The IFC does not lend directly to Vestine. It cannot. Its minimum ticket sizes, its due diligence requirements, its institutional risk frameworks — none of them are designed for a farmer with 400 coffee trees and no audited accounts. Instead, the IFC lends to a commercial bank, or to an agribusiness aggregator, or to a regional financial institution. That institution, in theory, on-lends to smallholders.
In practice, that chain rarely completes.
The commercial bank that receives IFC capital applies its own risk assessment to smallholder lending. The smallholder has no land title, no credit history, no reliable income record, no collateral. The loan does not get made. The capital sits — deployed on paper to "African agriculture," serving in reality a mid-tier agribusiness whose CEO attended the same conference as the IFC country manager.
The African Development Bank's Track Record Review (internal, 2022) acknowledged this gap quietly in its own language: "last-mile disbursement remains a structural challenge across portfolio." That is development finance speak for: the money does not reach the people it is supposed to reach.

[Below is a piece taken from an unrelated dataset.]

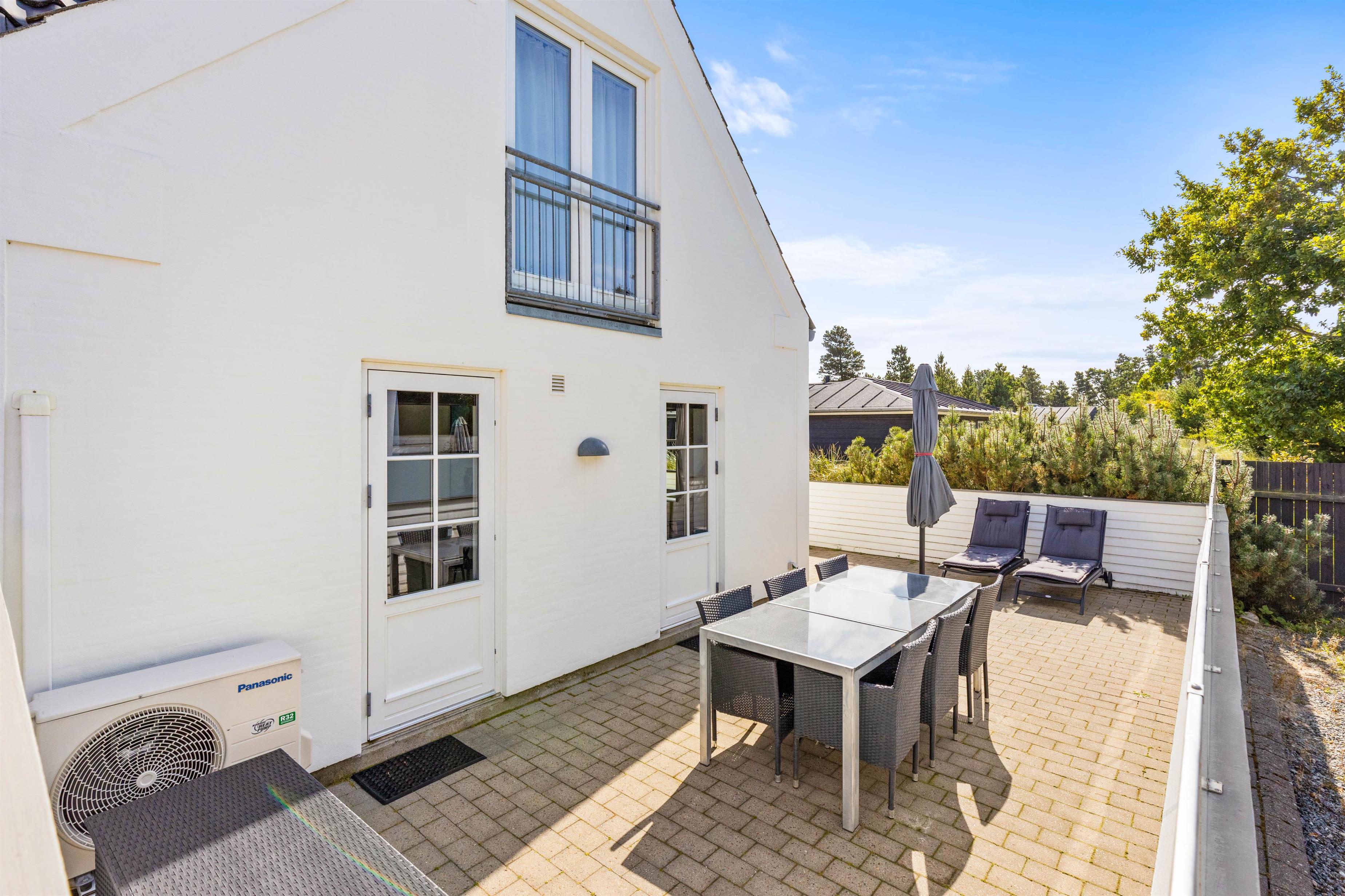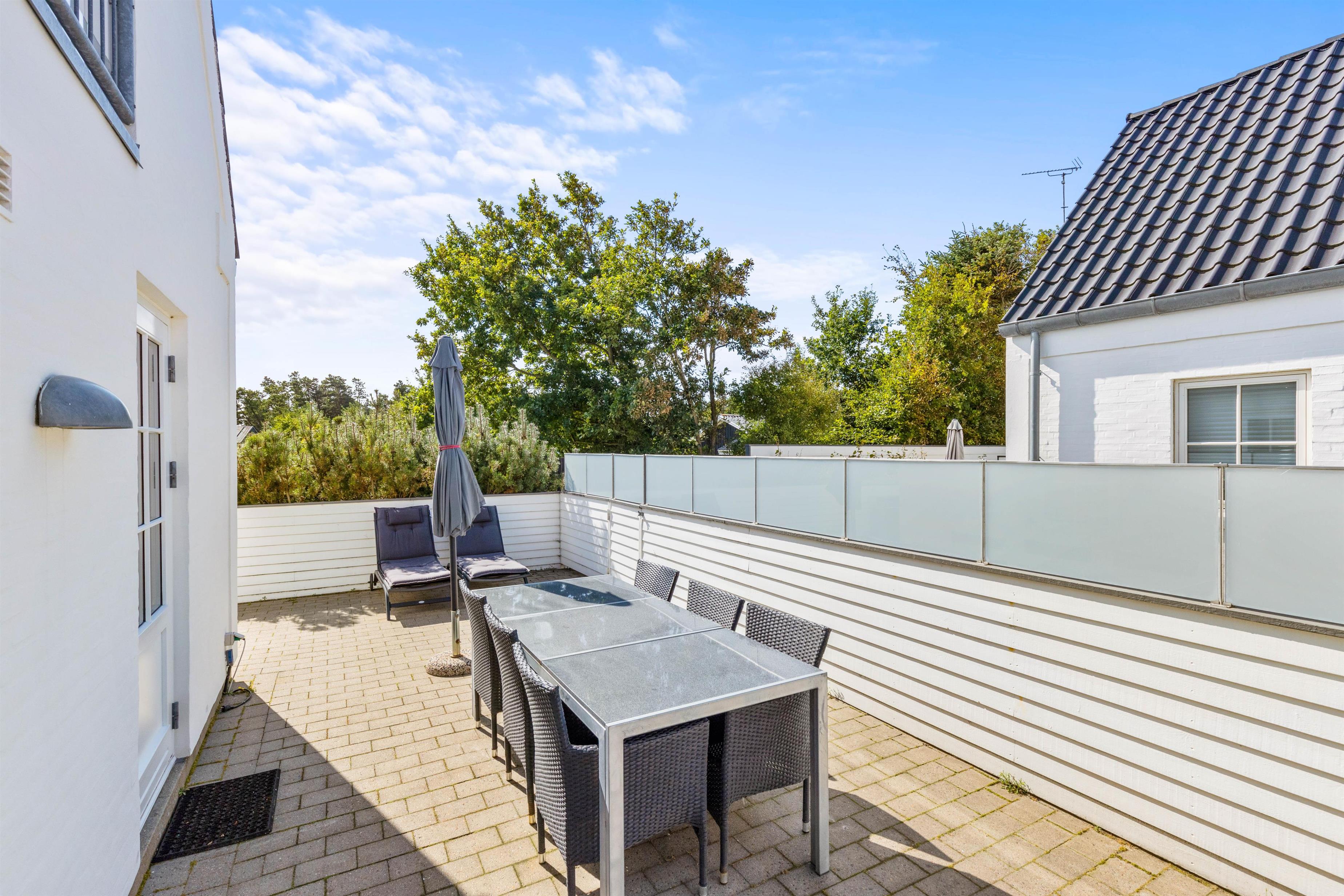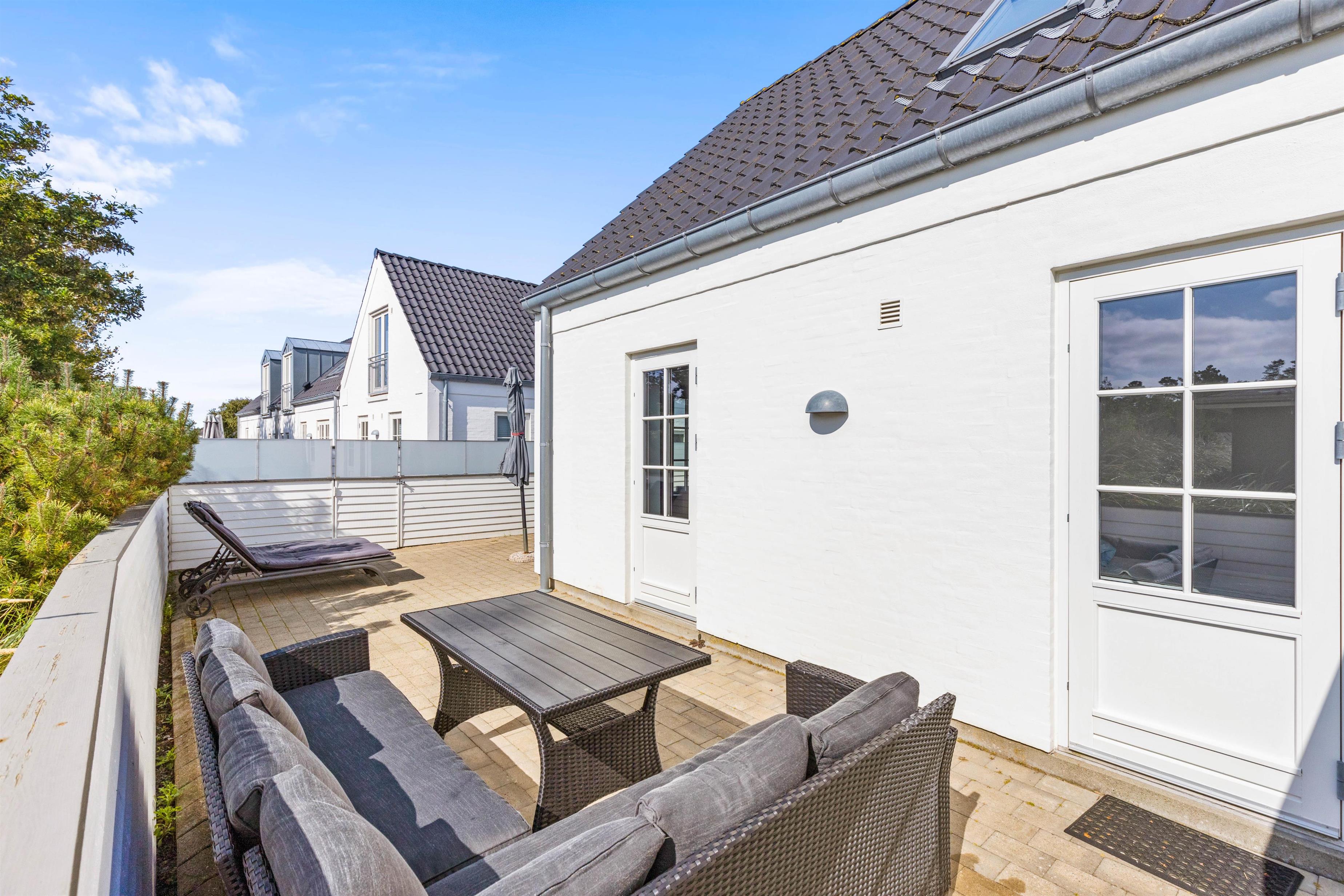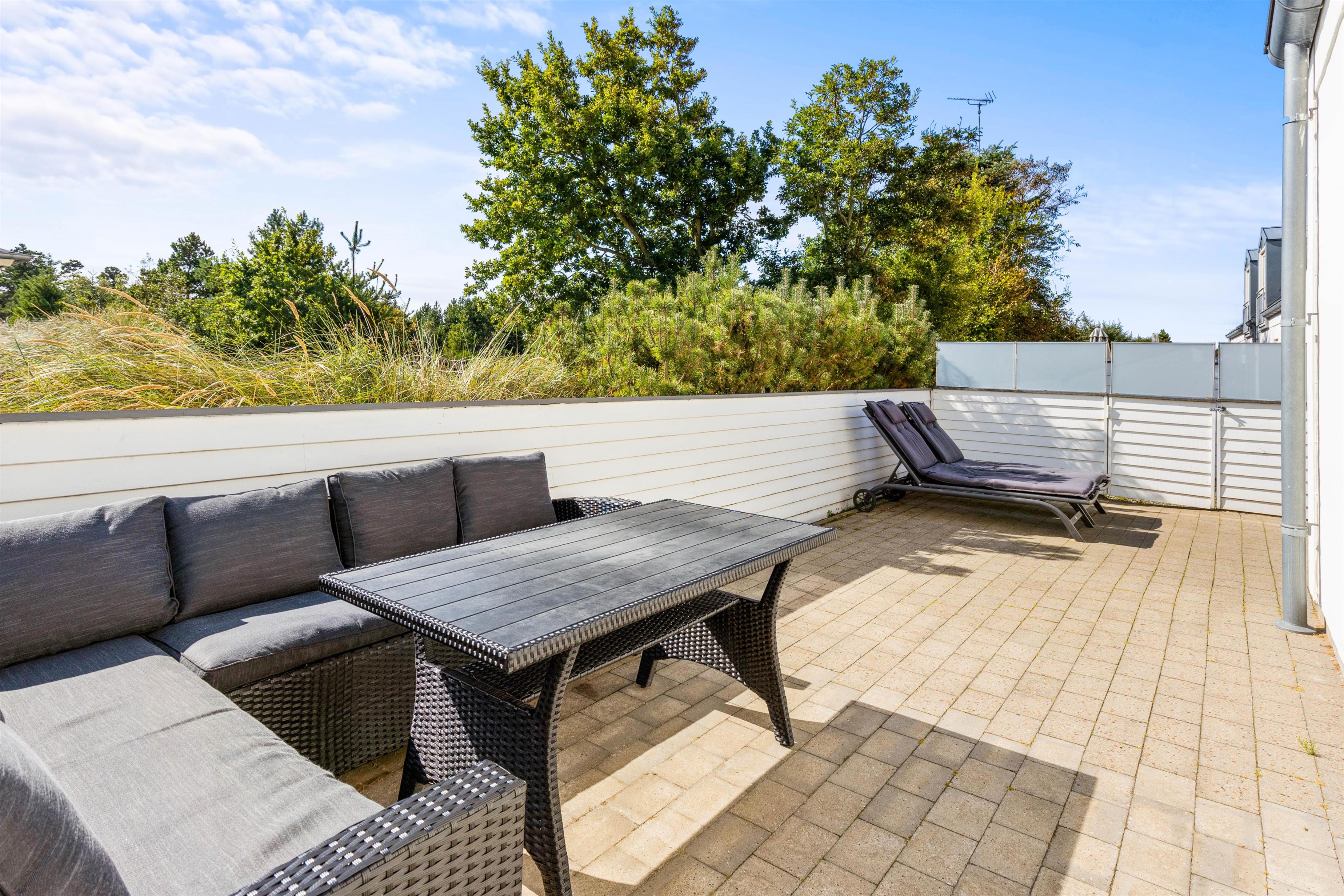 Til ferielejligheden har I en lukket terrasse, som I kan tilbringe de solrige feriedage på. Her kan I finde jer godt til rette i havemøbler og liggestole med snacks og kolde drikkevarer, mens solen skinner på jer – her har I endda sol hele dagen. På den lukkede terrasse kan I også have jeres hund med ude, uden at den stikker af på opdagelse.

UKEF — the UK Export Finance agency — operates with a similar structural distance. Its instruments are designed for exporters and buyers in international trade chains. The smallholder cooperative in Ghana that wants to enter the UK specialty coffee market must first find an exporter willing to use UKEF-backed financing on their behalf. That exporter takes a margin. The cooperative takes the residual. The smallholder takes whatever is left after the cooperative's own costs.
The distance from the press release to the farm gate is not geographical. It is structural.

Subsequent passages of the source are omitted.